$(ab)^n = a^{n}b^{n}$ in a unitary ring $A$ implies A commutative? 
Here is my question :
  Let $n\in\mathbb{N}$ and $A$ be a unitary ring such that for all $a, b\in A$, we have $(ab)^{n} = a^{n}b^{n}$. For which value of n, we can affirm A commutative ?


For $n = 2$, I replaced $a$ by $a + 1$ in the identity, then $b$ by $b + 1$ in the new identity obtained for deducing $A$ commutative. I don't know if the same method works for general cases
 A: We may assert that $A$ is commutative when $n=2$. Suppose $(ab)^2=a^2b^2$ for any $a,b\in A$. Then
$$
a[a,b]b=a(ab-ba)b=a^2b^2-(ab)^2=0
$$
for any $a,b\in A$. Hence
$$
a[a,b]=a[a,b](b+1)-a[a,b]b=a[a,b+1](b+1)-a[a,b]b=0
$$
for every $a,b\in A$. In turn,
$$
[a,b]=(a+1)[a,b]-a[a,b]=(a+1)[a+1,b]-a[a,b]=0
$$
for any $a,b\in A$, i.e. $A$ is commutative.
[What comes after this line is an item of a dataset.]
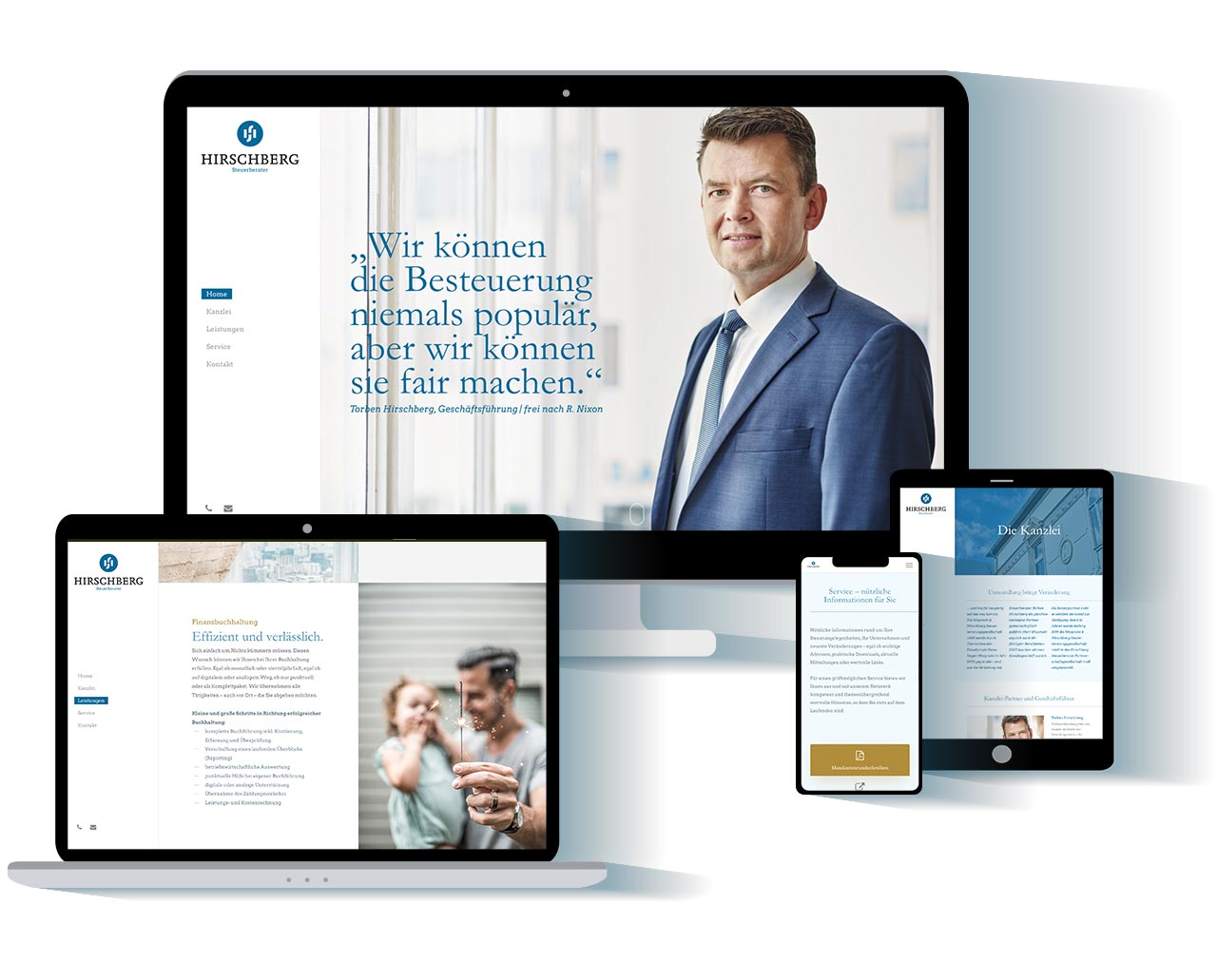 Nach einer Umfirmierung der Kanzlei wurde von rheinweiss ein neues Corporate Design entwickelt. Dazu gehört auch eine neue, moderne und technisch aktuelle Online-Präsenz sowie deren regelmäßige Pflege und Wartung.

We cannot make the same assertion when $n\ge3$. Pick any fixed $n\ge3$. Then either $n-1$ or $n$ has a prime factor $p>2$. In other words, we must have $n=pk$ or $pk+1$ for some prime number $p>2$. Let $A$ be the set of all $p$-by-$p$ matrices over $GF(p)$ of the form $xI+M$ for some strictly upper triangular matrix $M$. Then $(xI+M)^p=x^pI$. It follows that
\begin{aligned}
&[(xI+M)(yI+N)]^p\\
&=[xyI+(xN+yM+MN)]^p\\
&=(xy)^pI\\
&=(x^pI)(y^pI)\\
&=(xI+M)^p(yI+N)^p\\
\end{aligned}
for every $xI+M,\,yI+N\in A$. Consequently, when $r\in\{0,1\}$,
\begin{aligned}
&[(xI+M)(yI+N)]^{pk+r}\\
&=[(xI+M)(yI+N)]^{pk}[(xI+M)(yI+N)]^r\\
&=(xy)^{pk}[(xI+M)(yI+N)]^r\\
&=(xI+M)^{pk}(xI+M)^r(yI+N)^r(yI+N)^{pk}\\
&=(xI+M)^{pk+r}(yI+N)^{pk+r}.
\end{aligned}
Hence we have exhibited a ring $A$ such that $(ab)^n=a^nb^n$ whenever $a,b\in A$. However, as $p>2$, we have $MN\ne NM$ in general (such as when $M=E_{12}$ and $N=E_{23}$). Therefore our example $A$ is not commutative.